** Opening Data section block **

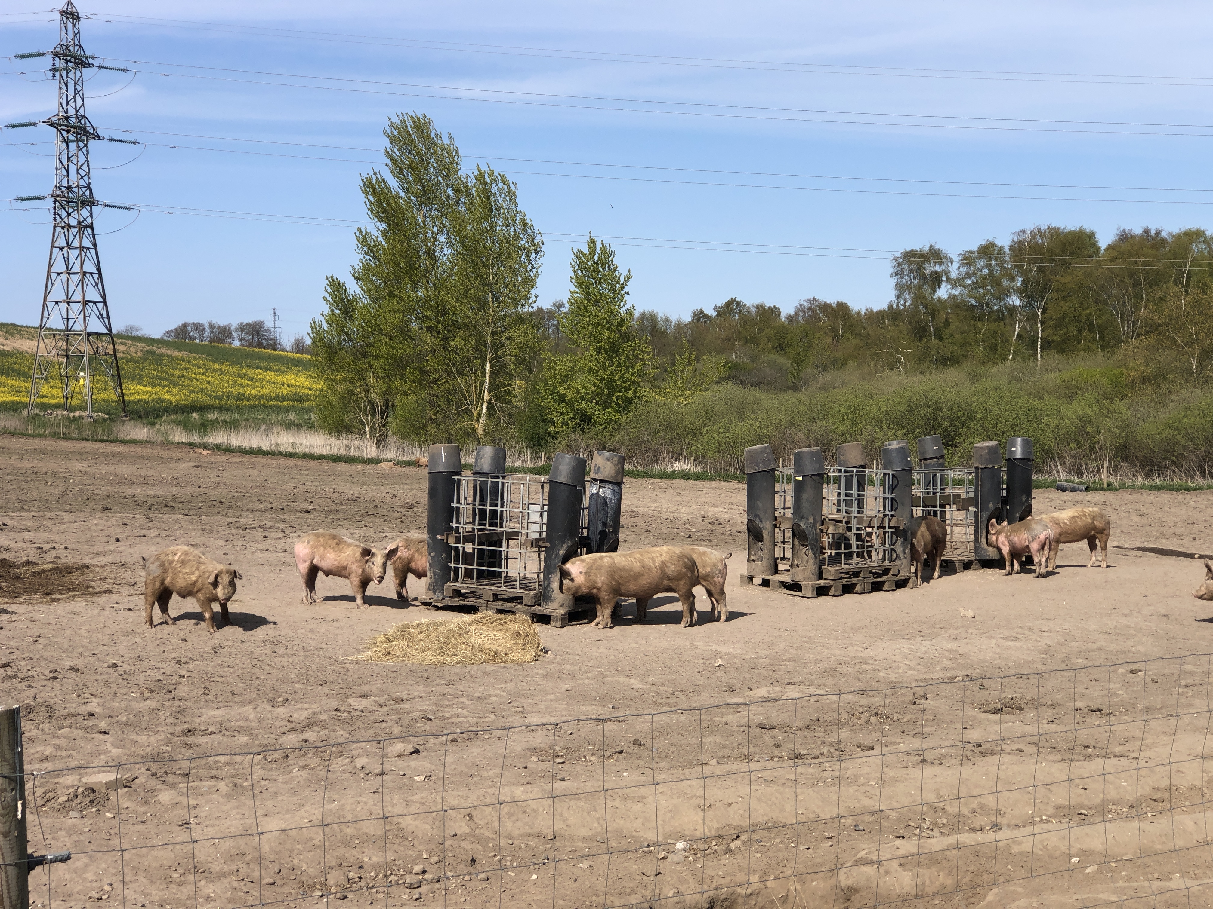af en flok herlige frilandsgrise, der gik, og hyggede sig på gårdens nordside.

** Closing Data section block **
** Opening Data section block **

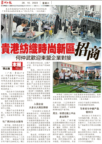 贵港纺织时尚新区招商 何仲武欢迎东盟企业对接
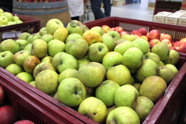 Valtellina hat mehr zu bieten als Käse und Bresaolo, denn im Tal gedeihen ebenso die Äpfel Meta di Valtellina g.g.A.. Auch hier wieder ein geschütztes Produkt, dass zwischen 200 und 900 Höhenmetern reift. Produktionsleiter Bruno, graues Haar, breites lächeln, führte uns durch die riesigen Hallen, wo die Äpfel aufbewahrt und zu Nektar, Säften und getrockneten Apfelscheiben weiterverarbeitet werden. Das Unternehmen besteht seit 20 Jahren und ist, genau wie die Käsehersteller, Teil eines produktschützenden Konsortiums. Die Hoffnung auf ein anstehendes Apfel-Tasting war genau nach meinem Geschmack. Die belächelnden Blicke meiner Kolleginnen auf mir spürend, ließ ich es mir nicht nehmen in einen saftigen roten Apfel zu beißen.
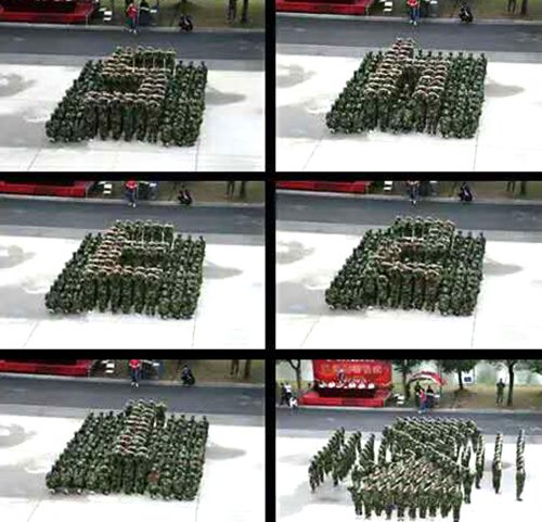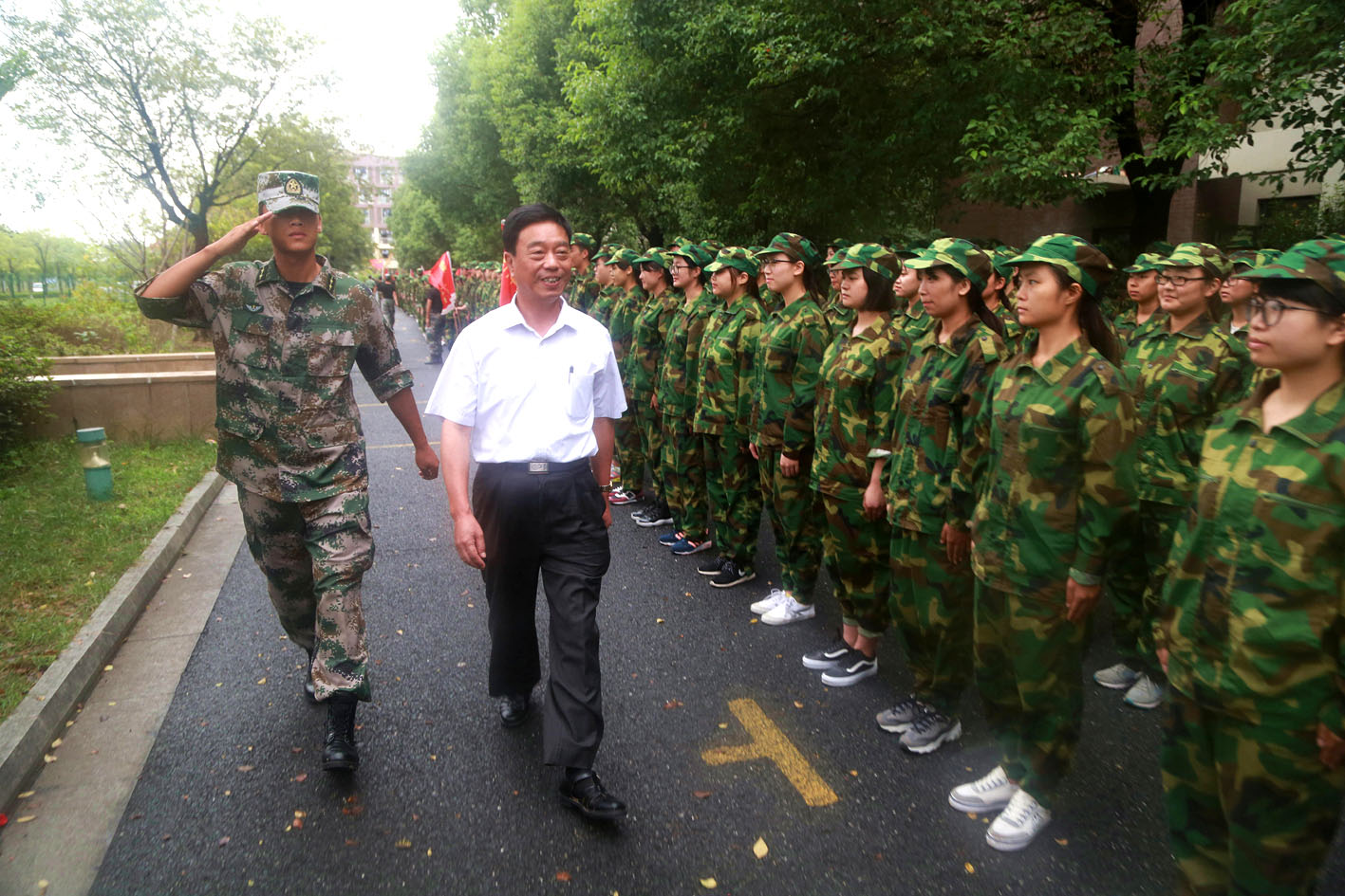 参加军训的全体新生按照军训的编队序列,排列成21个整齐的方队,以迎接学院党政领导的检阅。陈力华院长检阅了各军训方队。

** Closing Data section block **
** Opening Data section block **

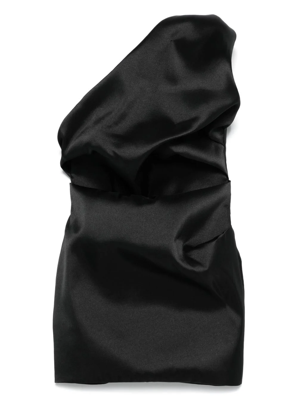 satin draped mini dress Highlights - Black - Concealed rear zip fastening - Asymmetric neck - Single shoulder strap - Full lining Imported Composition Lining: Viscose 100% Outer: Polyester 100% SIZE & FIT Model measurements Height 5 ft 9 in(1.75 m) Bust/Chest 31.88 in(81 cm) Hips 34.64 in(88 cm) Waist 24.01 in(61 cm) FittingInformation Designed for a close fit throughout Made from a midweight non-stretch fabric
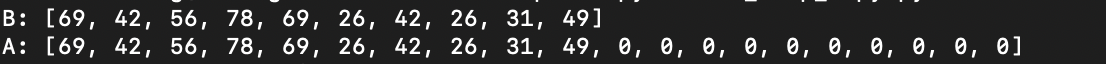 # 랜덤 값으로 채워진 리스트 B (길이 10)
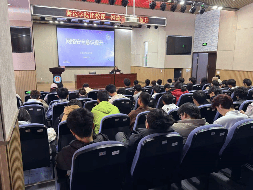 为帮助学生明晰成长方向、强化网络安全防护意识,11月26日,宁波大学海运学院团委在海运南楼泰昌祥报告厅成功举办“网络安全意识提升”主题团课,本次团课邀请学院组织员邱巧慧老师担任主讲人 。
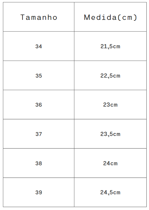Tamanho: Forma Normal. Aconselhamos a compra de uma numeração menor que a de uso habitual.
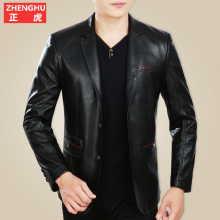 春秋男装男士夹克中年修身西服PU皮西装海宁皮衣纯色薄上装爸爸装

** Closing Data section block **

• The problem
Print, exactly, each line above from the one with "Valtellina hat mehr" to the one with "参加军训的全体新生按照军训的", end lines included. Leave pictures out of it.

• Task result
 Valtellina hat mehr zu bieten als Käse und Bresaolo, denn im Tal gedeihen ebenso die Äpfel Meta di Valtellina g.g.A.. Auch hier wieder ein geschütztes Produkt, dass zwischen 200 und 900 Höhenmetern reift. Produktionsleiter Bruno, graues Haar, breites lächeln, führte uns durch die riesigen Hallen, wo die Äpfel aufbewahrt und zu Nektar, Säften und getrockneten Apfelscheiben weiterverarbeitet werden. Das Unternehmen besteht seit 20 Jahren und ist, genau wie die Käsehersteller, Teil eines produktschützenden Konsortiums. Die Hoffnung auf ein anstehendes Apfel-Tasting war genau nach meinem Geschmack. Die belächelnden Blicke meiner Kolleginnen auf mir spürend, ließ ich es mir nicht nehmen in einen saftigen roten Apfel zu beißen.
 参加军训的全体新生按照军训的编队序列,排列成21个整齐的方队,以迎接学院党政领导的检阅。陈力华院长检阅了各军训方队。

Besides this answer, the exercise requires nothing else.